• **WHAT YOU WILL DO**
Write out again only the lines between the one with "1. 鸡翅根洗净,加入足量冷水,料酒,姜片,大火煮出血沫。" and the end of the records below, both ends counted, and don't include the pictures.

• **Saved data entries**
——————

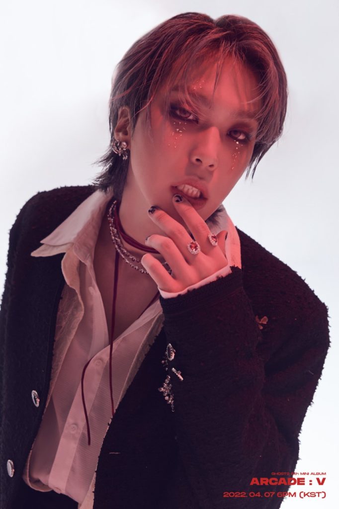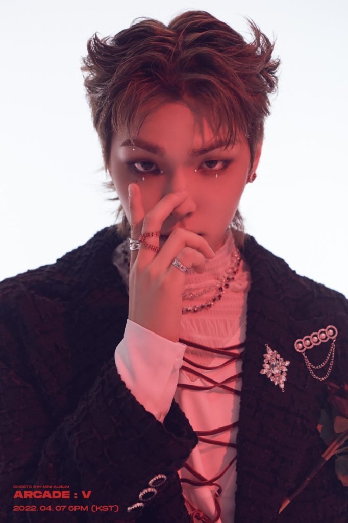 การกลับมาพบกับแฟนๆ ทั่วโลกของหนุ่มๆ GHOST9 ในครั้งนี้ เปี่ยมไปด้วยภาพลักษณ์ที่แข็งแกร่งขึ้นไปอีกขั้น และเสน่ห์ที่แปลกใหม่ไม่เหมือนใคร GHOST9 จะถ่ายทอดบทเพลงแห่งการเดินทางครั้งใหม่ที่เริ่มต้นในอาร์เขตลึกลับ พร้อมกับเมสเสจ ‘คำสาบาน (VOW)’ ผ่านมินิอัลบั้มนี้ – “คำสาบานที่จะมอบรักแด่คุณ” อัลบั้ม [ARCADE: V] มาพร้อมกับเพลงไตเติ้ล ‘X-Ray’ ที่จะแสดงให้เห็นถึงโชว์ที่ยอดเยี่ยมสง่างามของ GHOST9 กับเรื่องราวในช่วงเวลาที่อาทิตย์อัสดงอันน่าอัศจรรย์ได้ผ่านพ้นไป กลายเป็นค่ำคืนในคืนเมืองหลวงที่เจริญหูเจริญตาอย่างก้าวกระโดด และประกอบไปด้วย 6 บทเพลงในอัลบั้ม ที่จะให้ทั้งความรู้สึกเหนือจินตนาการและน่าหลงใหล เข้ากันได้ดีในช่วงเวลาแห่งการกล่าวคำสาบานเพื่อมอบแด่ผู้เป็นที่รัก
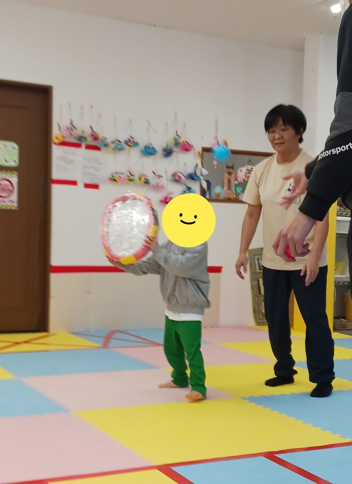 昨日の集団活動の様子です😃🧸プールスティックにラップを巻いて、ラケット風にしてボールを打ち返すゲームをしました☆
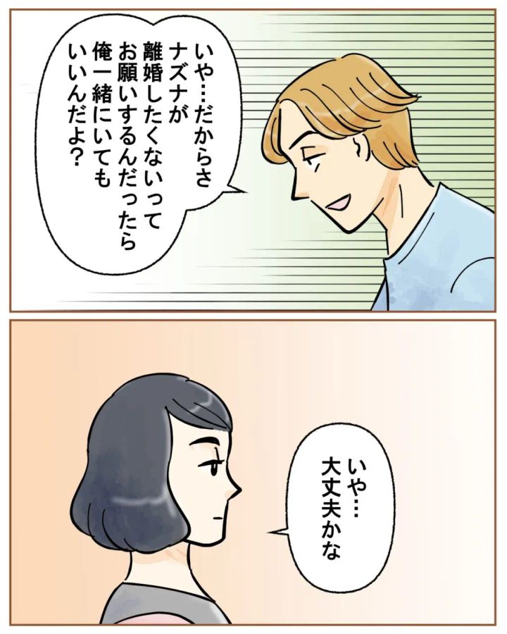 すると、「いや・・だからさ、ナズナが離婚したくないってお願いするんだったら俺一緒にいてもいいんだよ?」となぜか上から目線のツカサ。私は冷めた目でツカサを見ながら「いや・・大丈夫かな」ときっぱり。
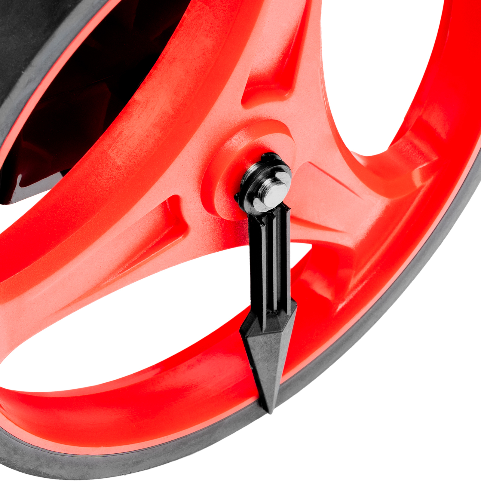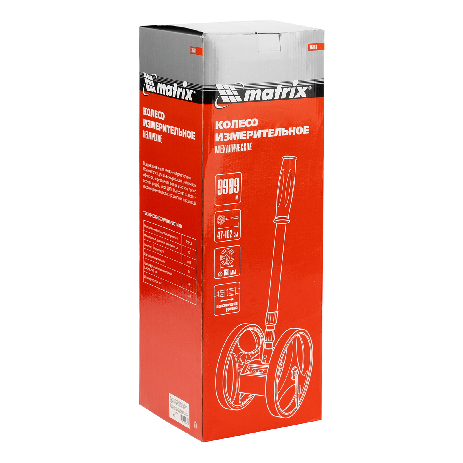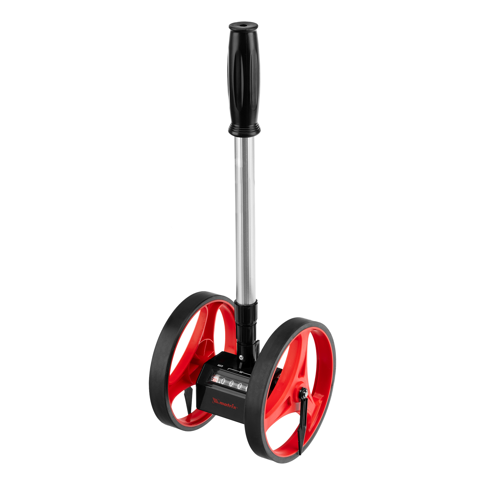 Измерительное механическое колесо (или курвиметр) Matrix 36001 предназначено для замера расстояний на местности. Снабжено удобным механическим счетчиком и кнопкой быстрого сброса показаний. Трехсекционная телескопическая рукоятка раздвигается до 925 мм, при этом общая высота инструмента составляет 1018 мм, поэтому колесо подходит пользователю любого роста. Прибор необходим при проведении дорожных и парковых работ, а также для обмера земельных участков и строящихся объектов, мест ДТП.
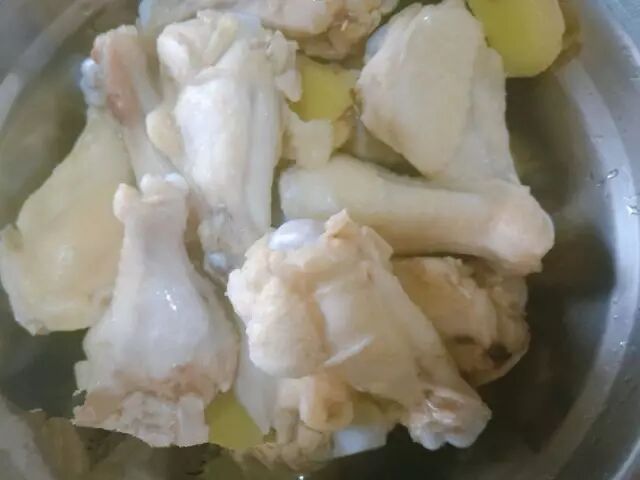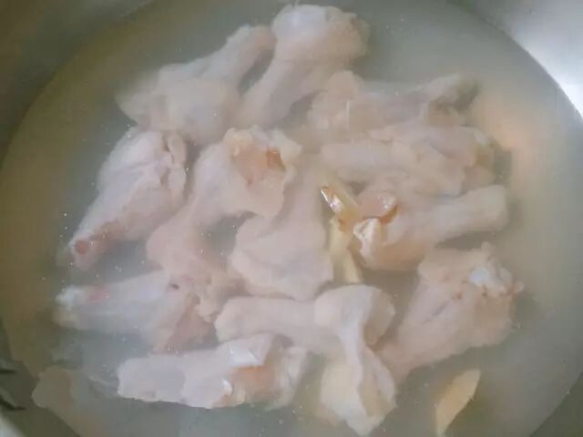 1. 鸡翅根洗净,加入足量冷水,料酒,姜片,大火煮出血沫。
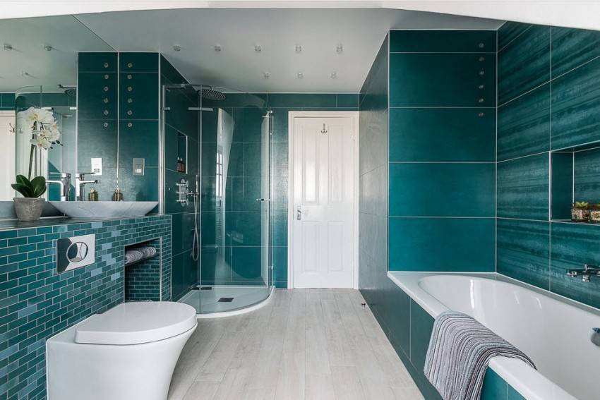 Ванная в плитке выглядит изящно и стильно. Варианты отделочных материалов для комбинирования:
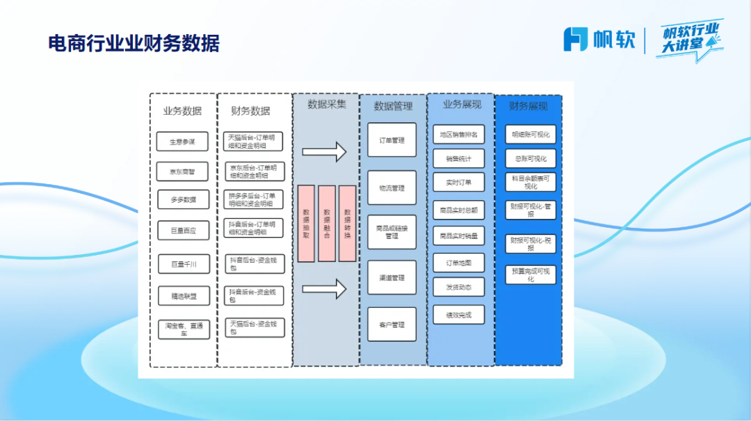 业财一体化是指将业务流程中的数据与财务管理相结合,形成一种新的协同工作模式。在电商领域,这意味着通过数据的整合和分析,构建一个新的协同工作模式,使得业务和财务不再是孤立的两个部分,而是紧密结合、相互支持的一体。这种模式可以帮助企业从海量数据中获取真正的价值,及时洞察和决策新的机会与风险。
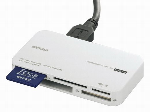 USB 3.0 讀卡機從去年 Computex 亮相以來,終於有正式產品準備出貨了,這是日商 Buffalo 所發表的 51合一BSCRA51U3 USB 3.0 讀卡機,共提供了五種插槽(SD/miniSD, xD, microSD, CF, MS/MS Duo),在 USB 3.0 介面下,存取速率最高可達 96.8MB/sec,比 USB 2.0 介面下的傳輸速率快了 3.4倍左右!並支援 Windows XP/Vista/7 以及 Mac 作業系統。
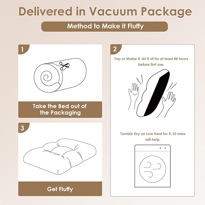 - MACHINE WASH and CARE INSTRUCTION - The washable dog bed can be put directly into the washing machine as a whole. This plush dog bed is vacuum-compressed, please remove the compression bag, shake it completely, and leave it for about 24 hours to expand. After washing and before use, please shake the bed back fluffy.
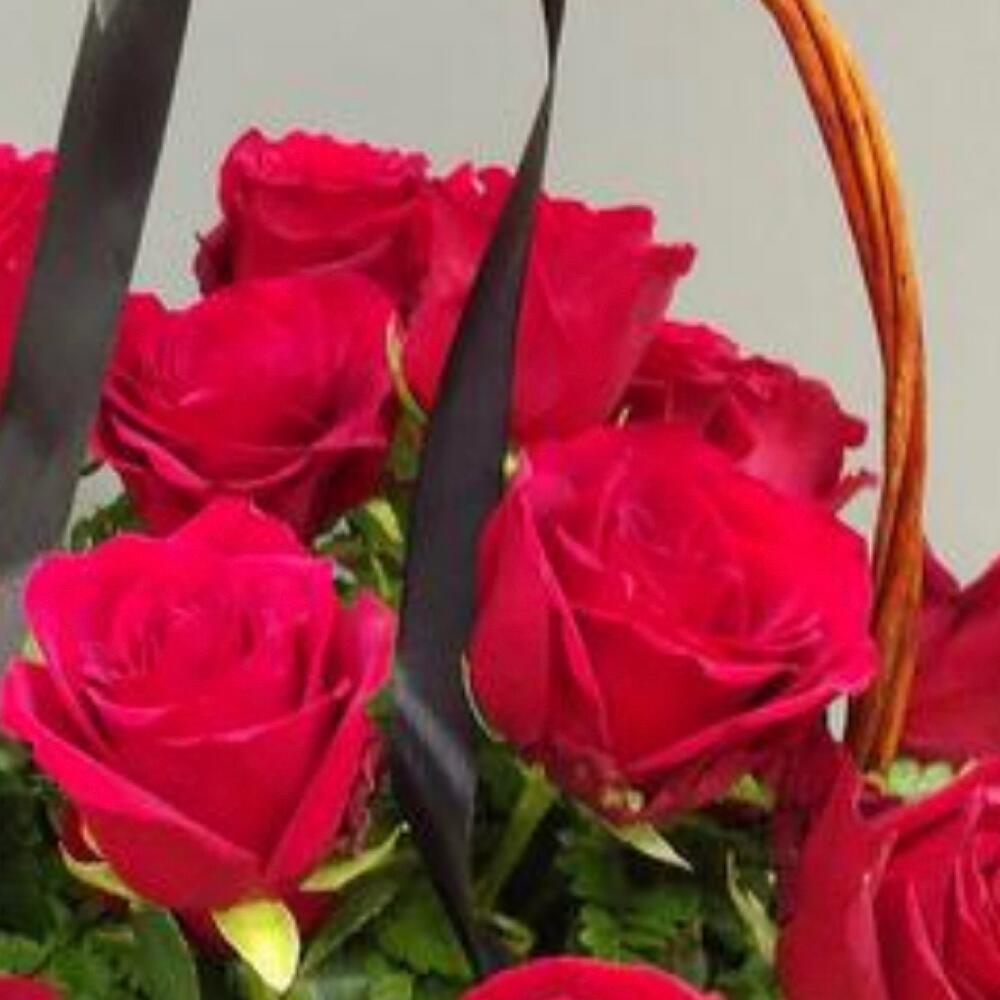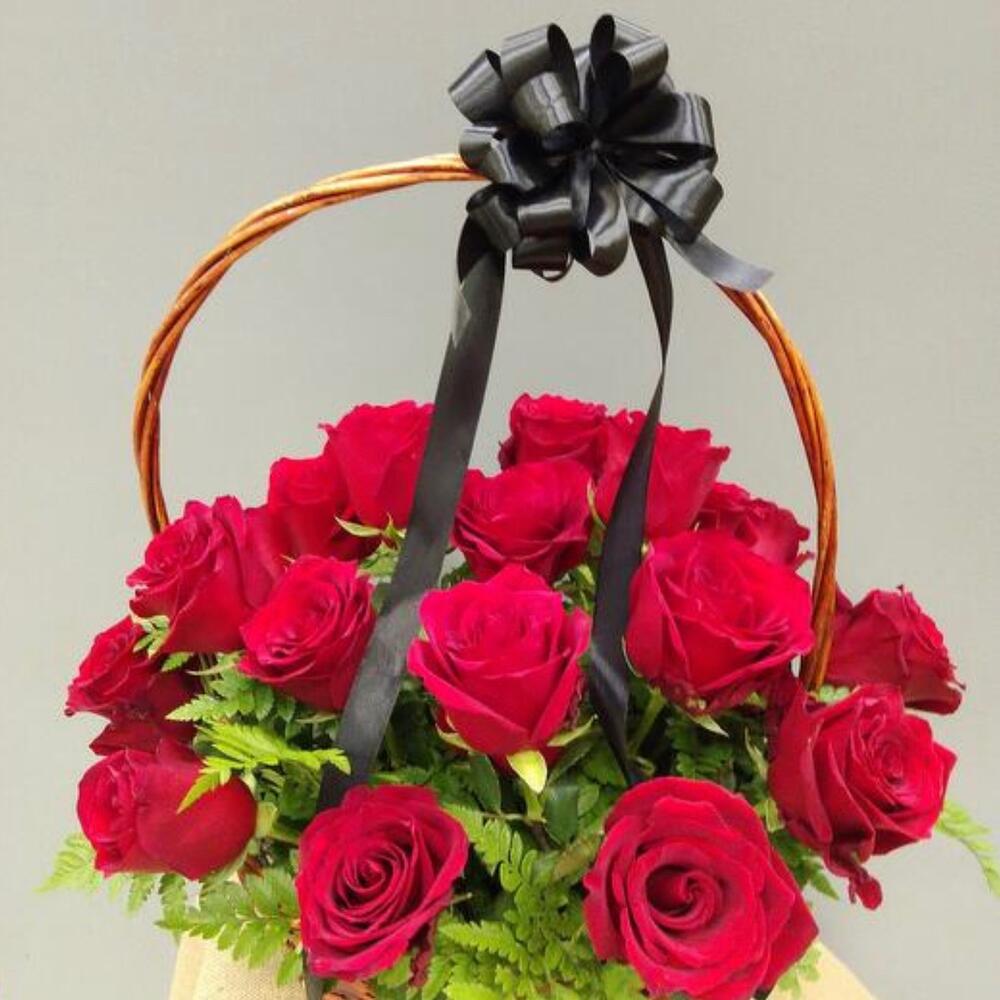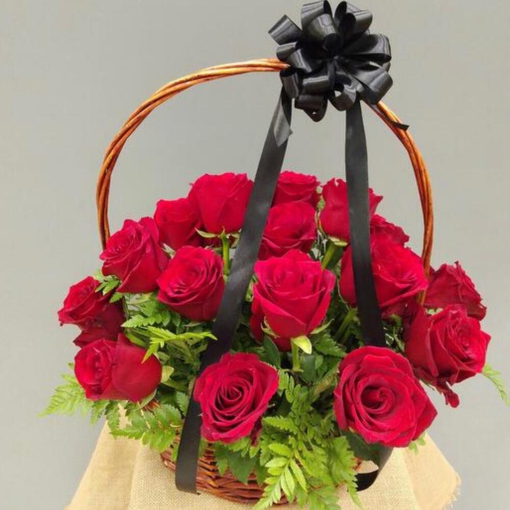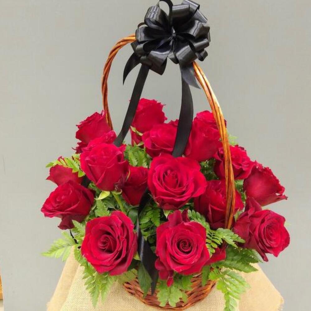 Роза красная 70 см – 22 шт.Зелень – 2 шт.Корзина плетеная – 1 шт.Оазис флористический – 2 шт.Лента атласная – 5 шт.

——————

• **RESULT BELOW**
 1. 鸡翅根洗净,加入足量冷水,料酒,姜片,大火煮出血沫。
 Ванная в плитке выглядит изящно и стильно. Варианты отделочных материалов для комбинирования:
 业财一体化是指将业务流程中的数据与财务管理相结合,形成一种新的协同工作模式。在电商领域,这意味着通过数据的整合和分析,构建一个新的协同工作模式,使得业务和财务不再是孤立的两个部分,而是紧密结合、相互支持的一体。这种模式可以帮助企业从海量数据中获取真正的价值,及时洞察和决策新的机会与风险。
 USB 3.0 讀卡機從去年 Computex 亮相以來,終於有正式產品準備出貨了,這是日商 Buffalo 所發表的 51合一BSCRA51U3 USB 3.0 讀卡機,共提供了五種插槽(SD/miniSD, xD, microSD, CF, MS/MS Duo),在 USB 3.0 介面下,存取速率最高可達 96.8MB/sec,比 USB 2.0 介面下的傳輸速率快了 3.4倍左右!並支援 Windows XP/Vista/7 以及 Mac 作業系統。
 - MACHINE WASH and CARE INSTRUCTION - The washable dog bed can be put directly into the washing machine as a whole. This plush dog bed is vacuum-compressed, please remove the compression bag, shake it completely, and leave it for about 24 hours to expand. After washing and before use, please shake the bed back fluffy.
 Роза красная 70 см – 22 шт.Зелень – 2 шт.Корзина плетеная – 1 шт.Оазис флористический – 2 шт.Лента атласная – 5 шт.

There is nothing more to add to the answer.